Albany ocean-goers are warned to keep their distance from newborn whales, with three humpback calves sighted in King George Sound so far this year.

Marine biologist Kirsty Mary Alexander said it was unusual for humpback whale calves to be found in Albany waters and advised boat users to be extra cautious.

“The main calving ground for these guys is usually up north in the Kimberley but there are four to six tiny newborns sighted each year so it does happen,” she said.

Three new humpback calves were spotted at King George Sound this month.
Camera IconThree new humpback calves were spotted at King George Sound this month. Credit: Alexander

With several newborn calves sighted this month alone, Ms Alexander advised ocean-goers to maintain a 300m distance for the wellbeing of the calves.

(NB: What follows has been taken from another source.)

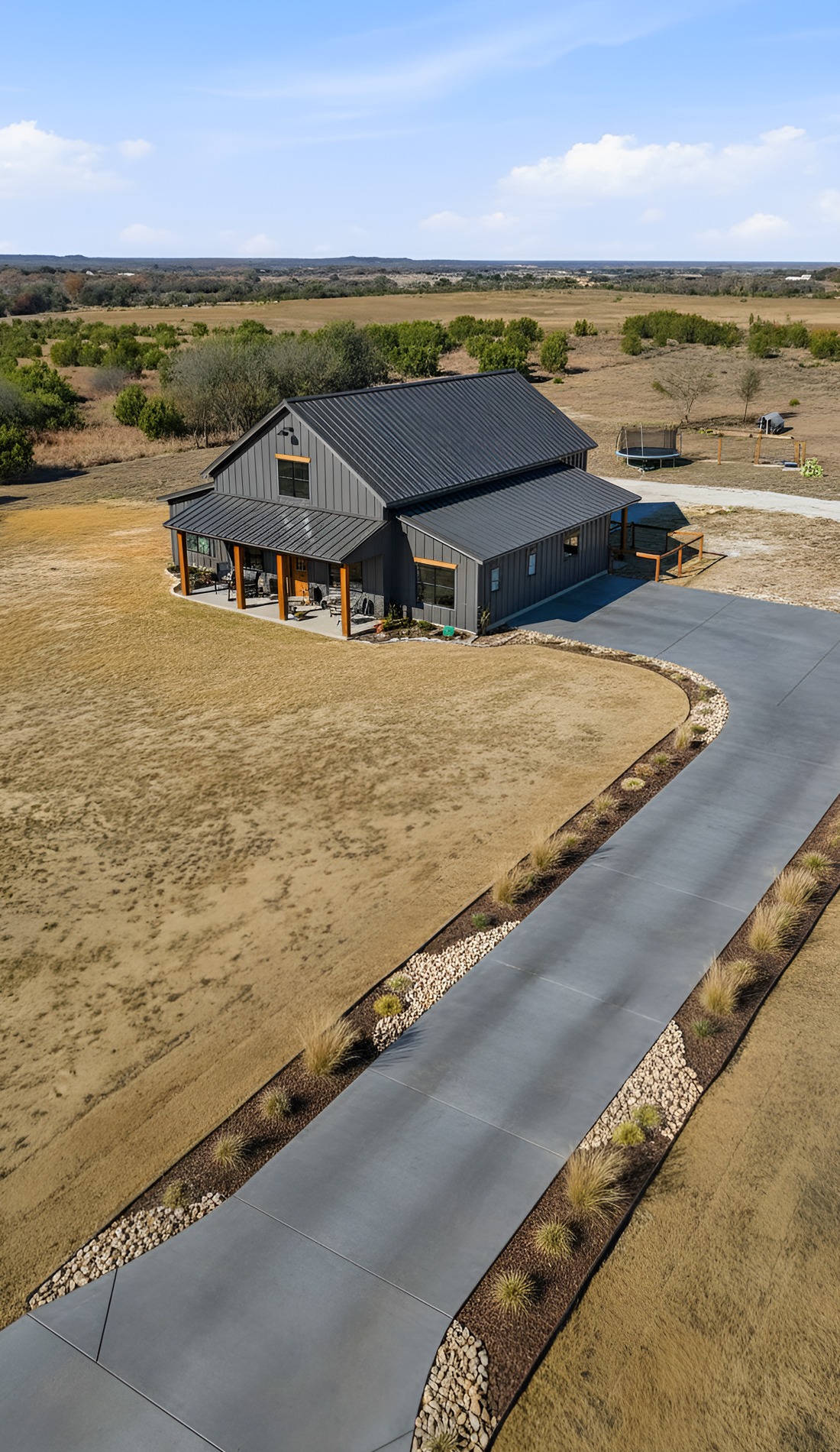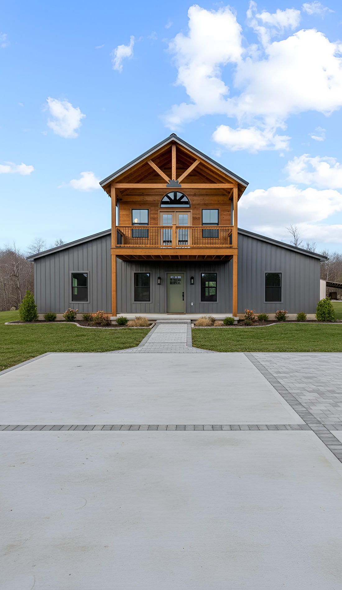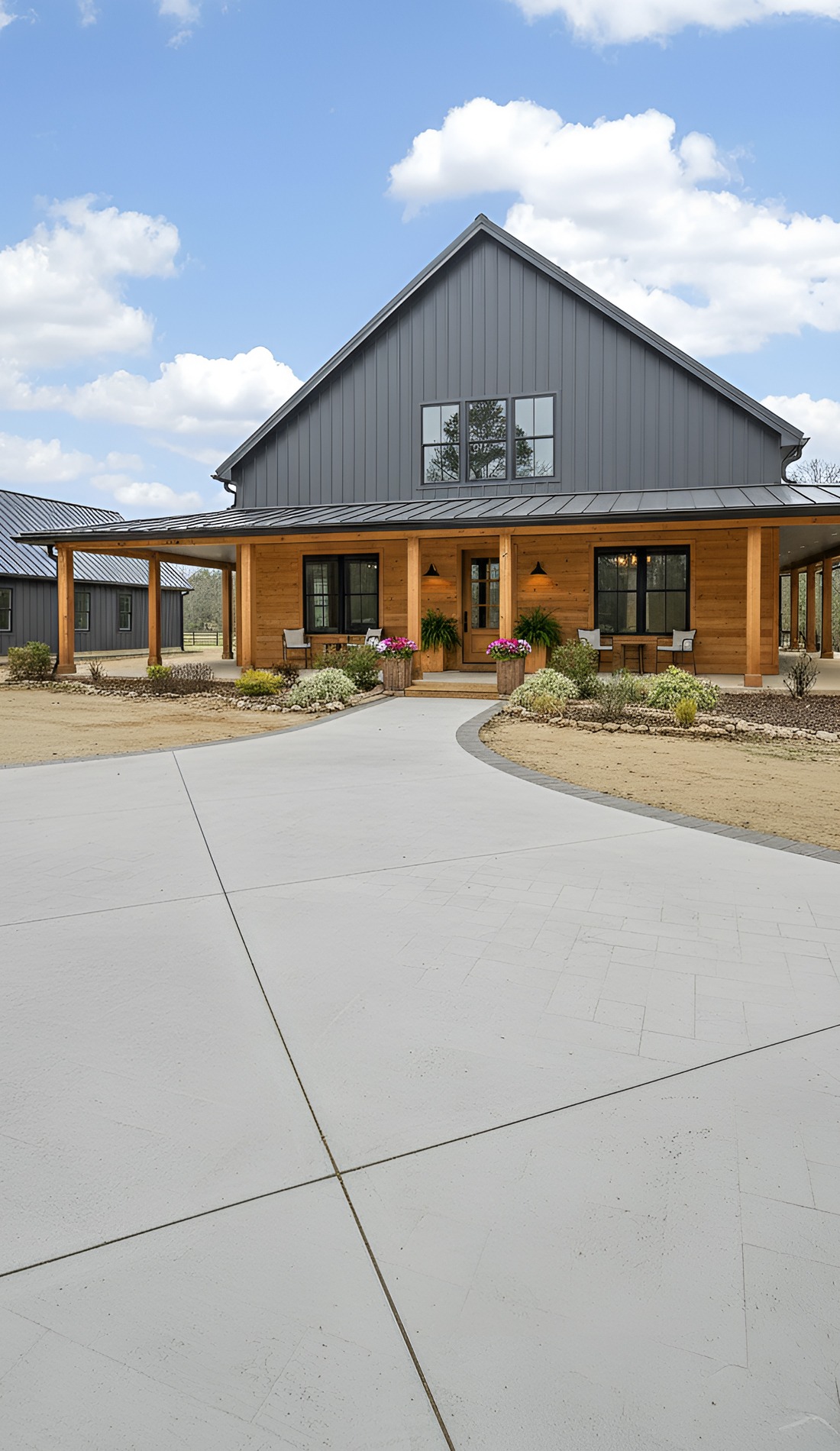 If you want your barndominium to lean modern, a concrete driveway is a strong match. It looks clean, neat, and crisp. It also pairs well with black window frames, metal roofs, minimalist landscaping, and sleek garage doors.

It is also illegal for drones to be flown within 1000ft above any cetacean, and permission is required to fly drones above national and marine parks.

“Really the easiest and most important thing people can do is to just slow down and give these animals some distance,” Ms Alexander said.

“Some of the babies, their dorsal fins are bent over and that’s because they used to be curled up inside their mum’s uterus.

“So you know when you see a calf like that, they are very young and it will be best to keep a good distance from them.”

A Department of Biodiversity, Conservation and Attractions representative said there had been whale calves reported with propeller injuries off the Exmouth coast last year.

Ms Alexander said sightings of injured whales should be reported to authorities, and people should not attempt to help them.